第1巻だけでも3回くらい泣けてしまった。フランスの近現代の歴史をきちんと踏まえた作品だなぁと感心しながら読み進めている。こんなに左右に大きくぶれた歴史的体験をしたフランス人がシニカルな民族性をもつのか、感覚的にもよくわかってしまった。
悩み多い時期には、これくらい真面目な大作とがっぷり四つに組んでみるのもいいなぁと思いつつ、あと4冊頑張ります!!
Wikipediaの「レ・ミゼラブル」の項はこちら
それから河出書房新社版レ・ミゼラブル全3巻でした。もう帯もボロボロです。古本だったのか、覚えていません。
ただでさえ落ち込む日本の情勢、ぴかちゅうさんはお嬢様のことも御心配でしょう。うちもまだ二男が独身です。

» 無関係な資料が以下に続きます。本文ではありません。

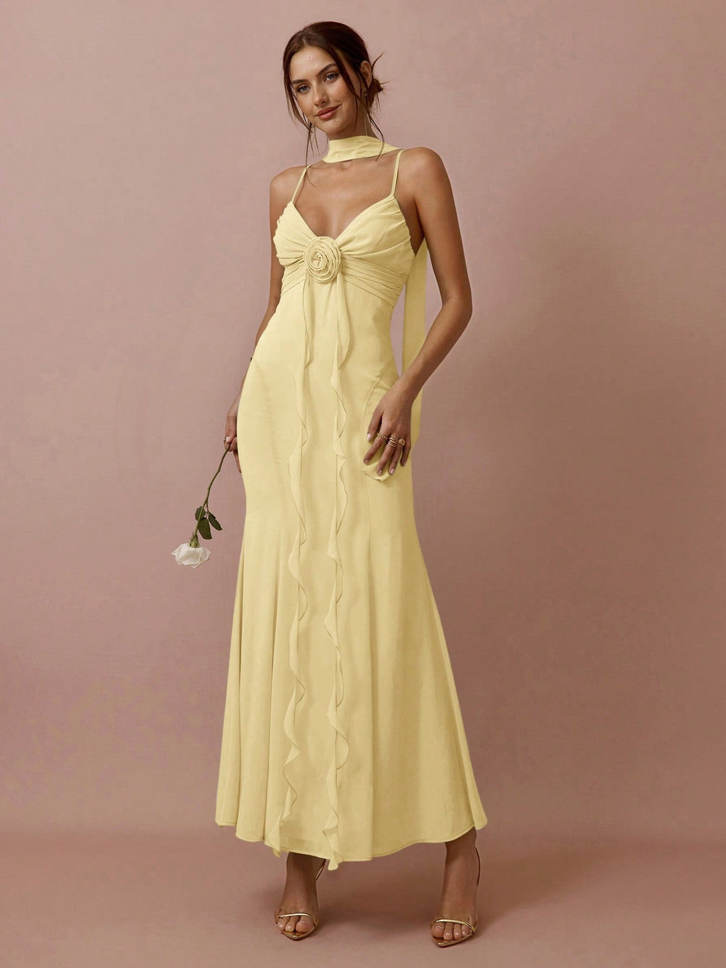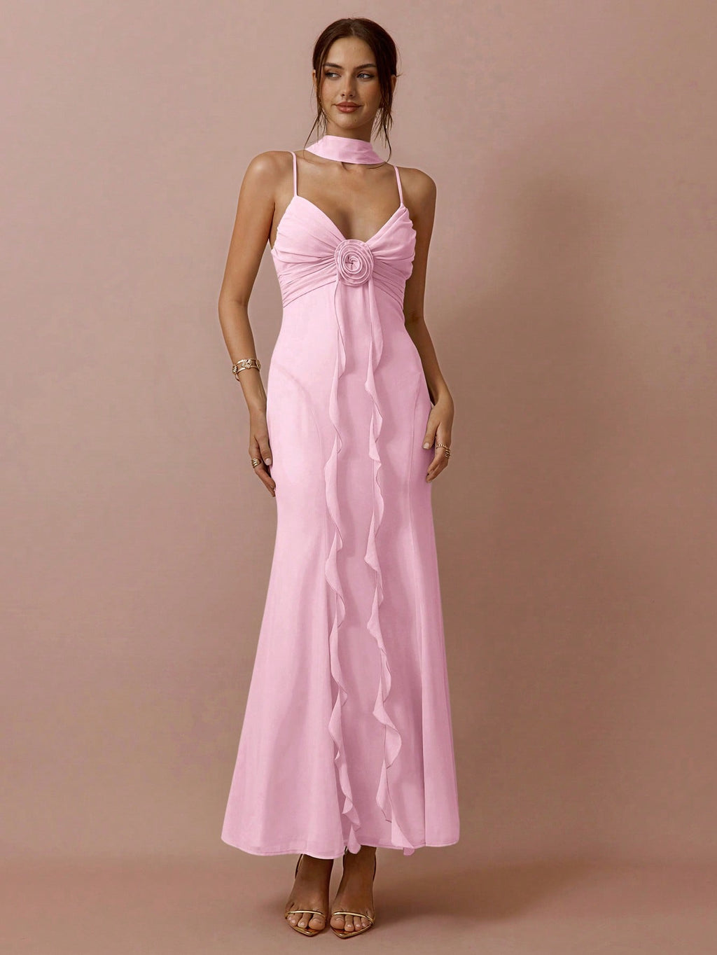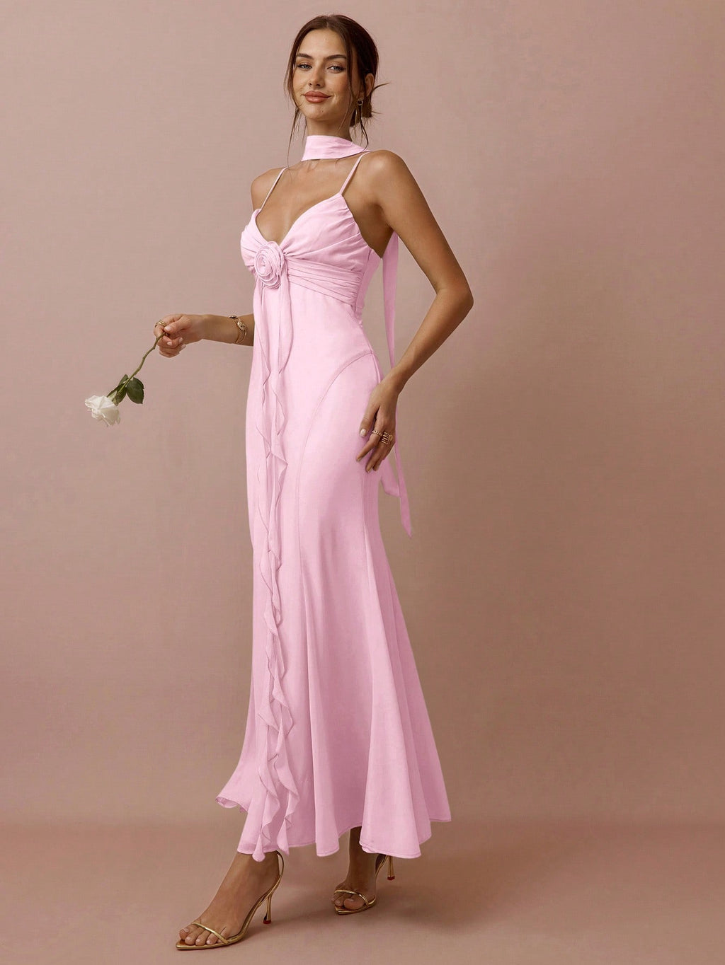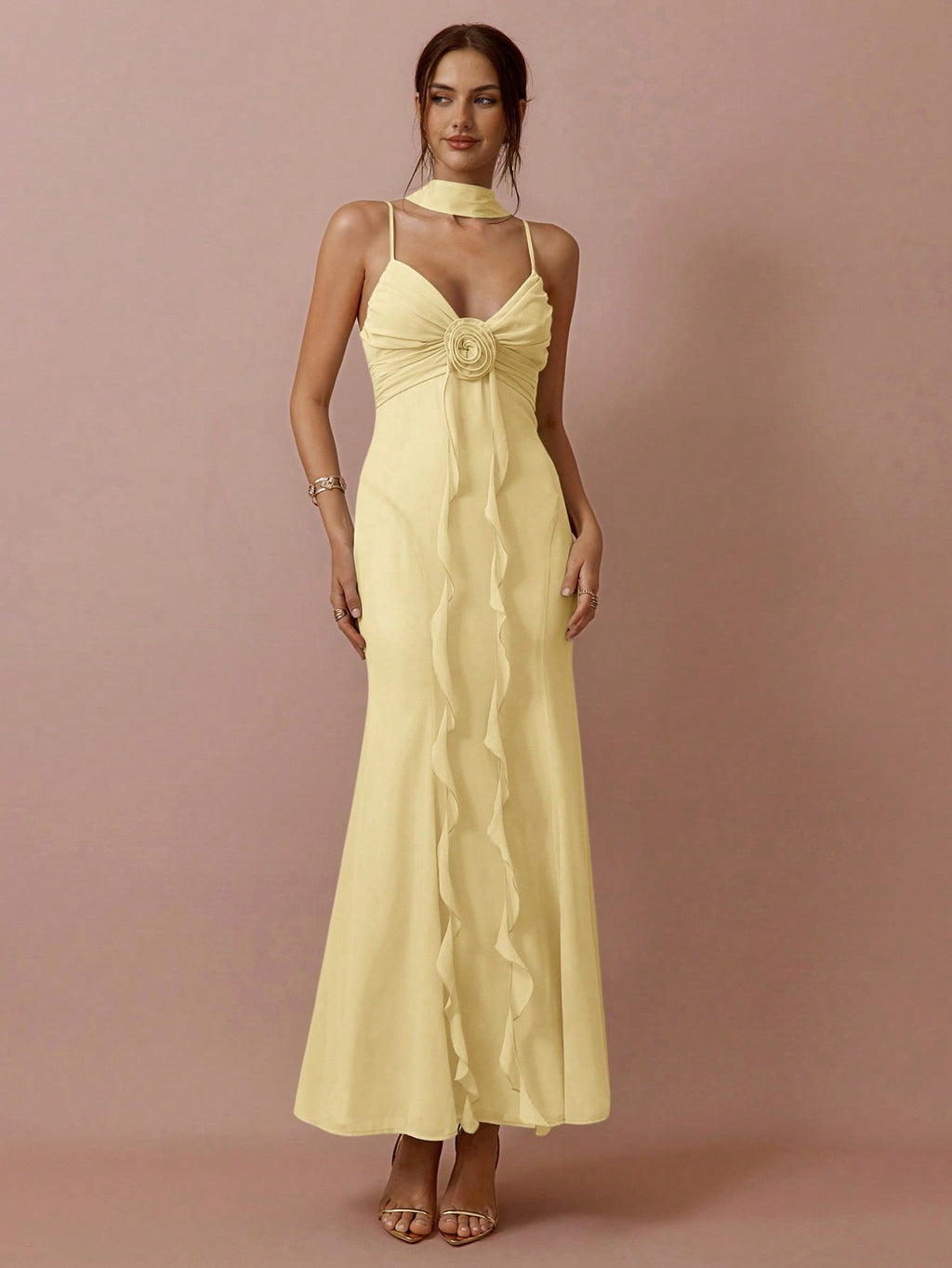 MiuVogue Women's Solid Color Adjustable Strap Flowery Decor Waist Cinched Long Dress, Summer

ガップリ四つに組んで少しずつ少しずつ読み進んでいます。目の調子の良い時はそのままで、よく見えない時は老眼鏡をかけて電車の中で少しずつです。座れると眠くなってしまうので、この赤いゴム付きのブックカバーで閉じてリュックに入れて抱えて寝てしまう・・・・・・ホントに少しずつしか進まないのですが面白いんです。
★「猫と薔薇、演劇、旅ファン」のhitomi様
2本もTBを有難うございますm(_ _)m
鹿島茂著『レ・ミゼラブル百六景は、昨年末のミュージカルの映画版公開に合わせて文春から新装版が出ていたんですね。その情報を名前欄のURLにも入れておきました。5冊読まれた原作はどちらの文庫でしたか?私は偶然セットで手に入れた新潮文庫版です。図書館で確認してきたところ、旧版は字が小さかったですが、私のものはなんとか耐えられる大きさの文字でした。翻訳もまぁ読みやすいかな。
ユゴーの邸宅訪問はよかったですね。
ミュージカルの御蔭で子供の時読んだ「ああ無情」から文庫本5冊読んだりユゴーの邸宅を訪問することができました。TBさせてくださいね。